Task material ::
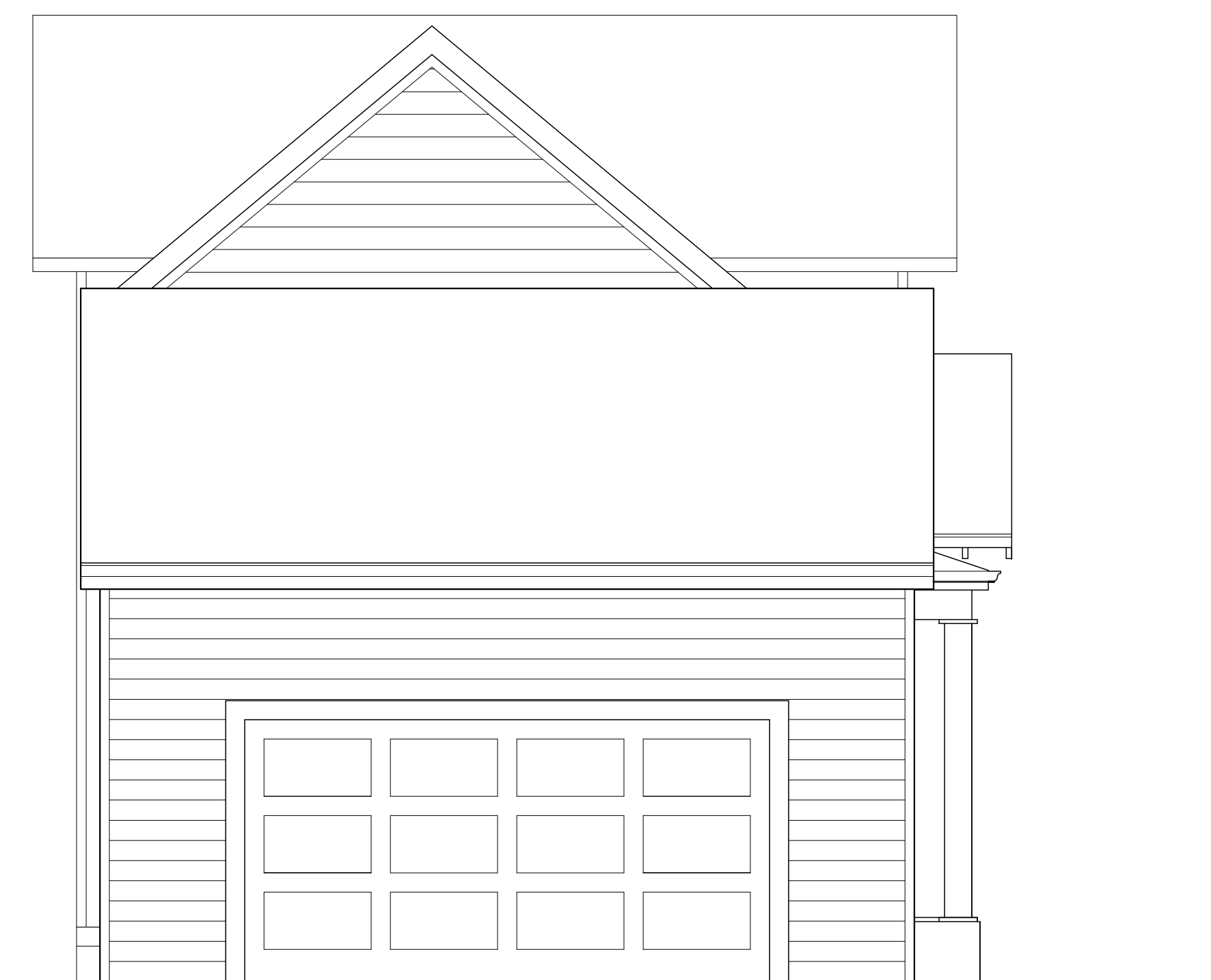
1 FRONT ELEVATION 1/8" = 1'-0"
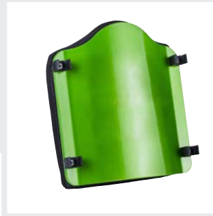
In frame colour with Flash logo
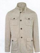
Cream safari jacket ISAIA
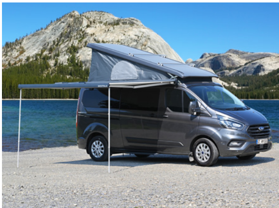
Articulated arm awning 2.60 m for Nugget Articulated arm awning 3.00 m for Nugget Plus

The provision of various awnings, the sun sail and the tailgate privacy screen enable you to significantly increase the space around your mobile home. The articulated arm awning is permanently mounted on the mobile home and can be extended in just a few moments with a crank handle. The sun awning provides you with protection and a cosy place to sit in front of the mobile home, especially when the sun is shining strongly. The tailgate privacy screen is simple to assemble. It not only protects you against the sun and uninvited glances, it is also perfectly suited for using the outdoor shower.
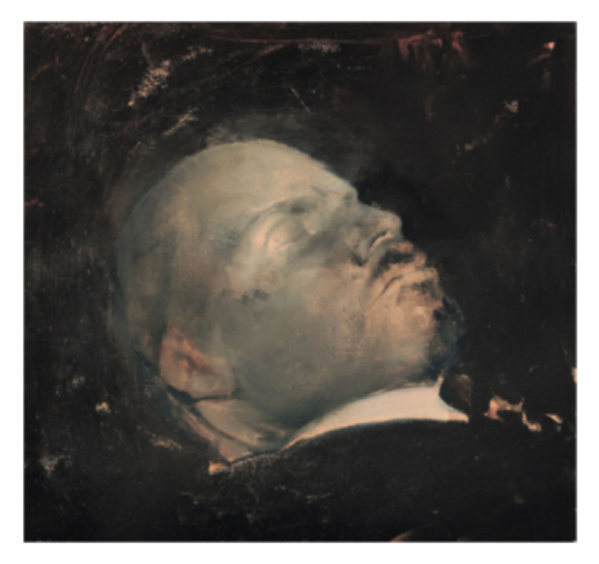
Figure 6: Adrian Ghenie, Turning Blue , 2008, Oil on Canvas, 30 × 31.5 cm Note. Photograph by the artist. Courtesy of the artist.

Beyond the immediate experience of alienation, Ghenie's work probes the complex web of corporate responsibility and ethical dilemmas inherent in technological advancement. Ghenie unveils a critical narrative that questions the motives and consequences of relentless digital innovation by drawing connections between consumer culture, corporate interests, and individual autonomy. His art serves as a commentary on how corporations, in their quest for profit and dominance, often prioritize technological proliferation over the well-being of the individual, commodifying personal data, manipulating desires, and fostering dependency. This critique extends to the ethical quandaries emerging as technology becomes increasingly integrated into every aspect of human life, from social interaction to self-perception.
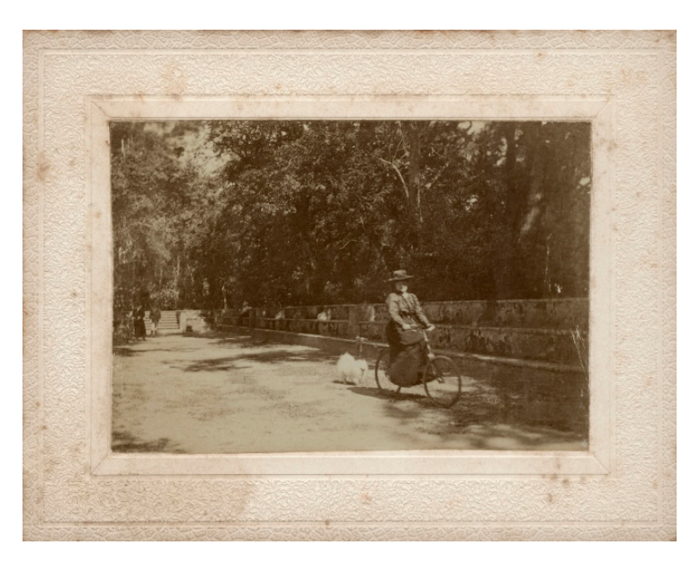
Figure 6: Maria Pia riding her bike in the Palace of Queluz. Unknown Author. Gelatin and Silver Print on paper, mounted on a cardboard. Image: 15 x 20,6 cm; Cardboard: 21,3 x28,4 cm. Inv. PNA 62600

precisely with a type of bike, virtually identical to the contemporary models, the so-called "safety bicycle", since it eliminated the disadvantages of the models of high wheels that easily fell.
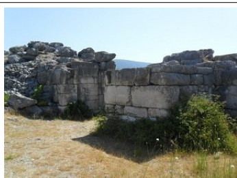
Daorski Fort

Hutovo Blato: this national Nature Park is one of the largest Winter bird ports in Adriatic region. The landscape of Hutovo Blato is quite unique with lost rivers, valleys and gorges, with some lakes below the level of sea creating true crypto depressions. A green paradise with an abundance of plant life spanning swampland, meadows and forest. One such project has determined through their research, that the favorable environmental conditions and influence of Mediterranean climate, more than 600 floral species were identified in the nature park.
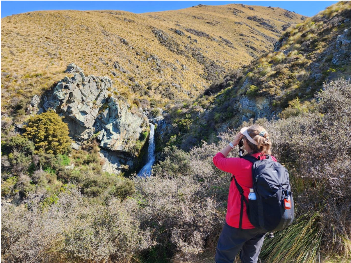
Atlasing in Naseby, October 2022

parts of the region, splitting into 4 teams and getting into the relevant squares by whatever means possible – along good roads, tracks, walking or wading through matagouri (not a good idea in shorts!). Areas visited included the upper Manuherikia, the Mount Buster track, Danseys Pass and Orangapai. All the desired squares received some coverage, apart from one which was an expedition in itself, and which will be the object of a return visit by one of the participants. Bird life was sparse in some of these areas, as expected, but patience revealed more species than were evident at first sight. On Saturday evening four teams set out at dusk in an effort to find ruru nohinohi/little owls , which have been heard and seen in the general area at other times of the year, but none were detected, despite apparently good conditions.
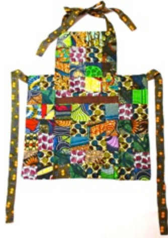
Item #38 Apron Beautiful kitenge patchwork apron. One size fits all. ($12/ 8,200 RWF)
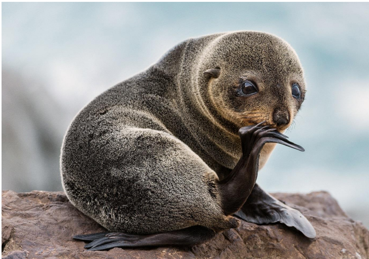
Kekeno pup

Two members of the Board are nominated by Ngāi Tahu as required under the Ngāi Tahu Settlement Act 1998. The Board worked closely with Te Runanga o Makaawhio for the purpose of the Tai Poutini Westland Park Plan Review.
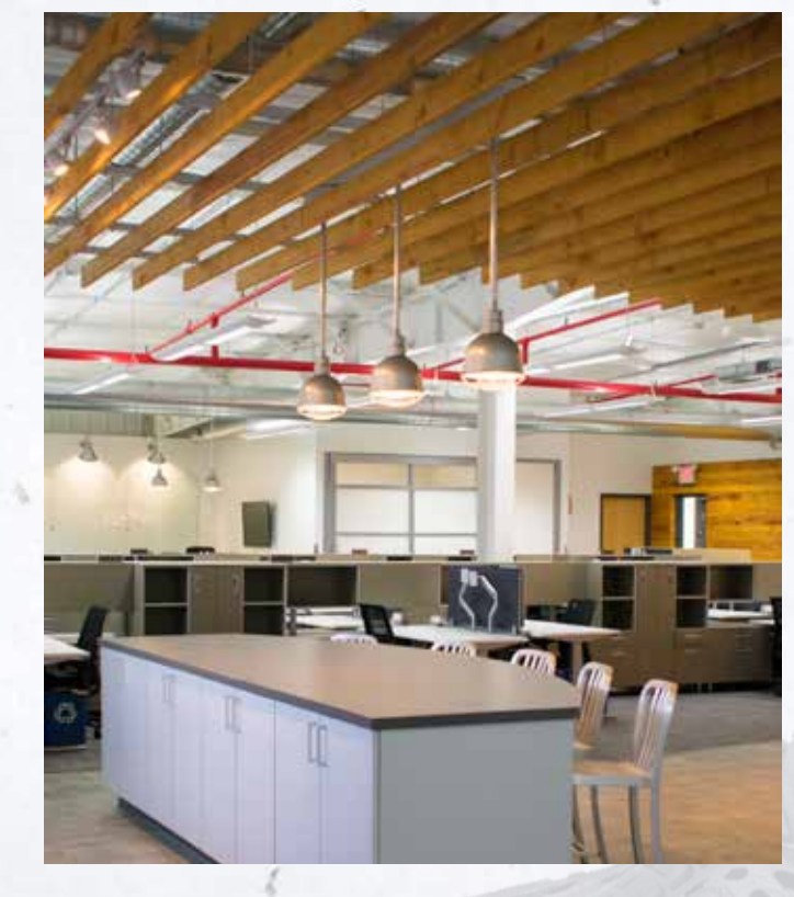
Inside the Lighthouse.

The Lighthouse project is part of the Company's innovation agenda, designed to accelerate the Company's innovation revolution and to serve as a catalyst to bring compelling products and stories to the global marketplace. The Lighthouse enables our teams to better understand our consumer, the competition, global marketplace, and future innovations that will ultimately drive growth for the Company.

About this task ::
Transcribe the listing exactly. Its images are to be omitted.

Task result ::
1 FRONT ELEVATION 1/8" = 1'-0"
In frame colour with Flash logo
Cream safari jacket ISAIA
Articulated arm awning 2.60 m for Nugget Articulated arm awning 3.00 m for Nugget Plus

The provision of various awnings, the sun sail and the tailgate privacy screen enable you to significantly increase the space around your mobile home. The articulated arm awning is permanently mounted on the mobile home and can be extended in just a few moments with a crank handle. The sun awning provides you with protection and a cosy place to sit in front of the mobile home, especially when the sun is shining strongly. The tailgate privacy screen is simple to assemble. It not only protects you against the sun and uninvited glances, it is also perfectly suited for using the outdoor shower.
Figure 6: Adrian Ghenie, Turning Blue , 2008, Oil on Canvas, 30 × 31.5 cm Note. Photograph by the artist. Courtesy of the artist.

Beyond the immediate experience of alienation, Ghenie's work probes the complex web of corporate responsibility and ethical dilemmas inherent in technological advancement. Ghenie unveils a critical narrative that questions the motives and consequences of relentless digital innovation by drawing connections between consumer culture, corporate interests, and individual autonomy. His art serves as a commentary on how corporations, in their quest for profit and dominance, often prioritize technological proliferation over the well-being of the individual, commodifying personal data, manipulating desires, and fostering dependency. This critique extends to the ethical quandaries emerging as technology becomes increasingly integrated into every aspect of human life, from social interaction to self-perception.
Figure 6: Maria Pia riding her bike in the Palace of Queluz. Unknown Author. Gelatin and Silver Print on paper, mounted on a cardboard. Image: 15 x 20,6 cm; Cardboard: 21,3 x28,4 cm. Inv. PNA 62600

precisely with a type of bike, virtually identical to the contemporary models, the so-called "safety bicycle", since it eliminated the disadvantages of the models of high wheels that easily fell.
Daorski Fort

Hutovo Blato: this national Nature Park is one of the largest Winter bird ports in Adriatic region. The landscape of Hutovo Blato is quite unique with lost rivers, valleys and gorges, with some lakes below the level of sea creating true crypto depressions. A green paradise with an abundance of plant life spanning swampland, meadows and forest. One such project has determined through their research, that the favorable environmental conditions and influence of Mediterranean climate, more than 600 floral species were identified in the nature park.
Atlasing in Naseby, October 2022

parts of the region, splitting into 4 teams and getting into the relevant squares by whatever means possible – along good roads, tracks, walking or wading through matagouri (not a good idea in shorts!). Areas visited included the upper Manuherikia, the Mount Buster track, Danseys Pass and Orangapai. All the desired squares received some coverage, apart from one which was an expedition in itself, and which will be the object of a return visit by one of the participants. Bird life was sparse in some of these areas, as expected, but patience revealed more species than were evident at first sight. On Saturday evening four teams set out at dusk in an effort to find ruru nohinohi/little owls , which have been heard and seen in the general area at other times of the year, but none were detected, despite apparently good conditions.
Item #38 Apron Beautiful kitenge patchwork apron. One size fits all. ($12/ 8,200 RWF)
Kekeno pup

Two members of the Board are nominated by Ngāi Tahu as required under the Ngāi Tahu Settlement Act 1998. The Board worked closely with Te Runanga o Makaawhio for the purpose of the Tai Poutini Westland Park Plan Review.
Inside the Lighthouse.

The Lighthouse project is part of the Company's innovation agenda, designed to accelerate the Company's innovation revolution and to serve as a catalyst to bring compelling products and stories to the global marketplace. The Lighthouse enables our teams to better understand our consumer, the competition, global marketplace, and future innovations that will ultimately drive growth for the Company.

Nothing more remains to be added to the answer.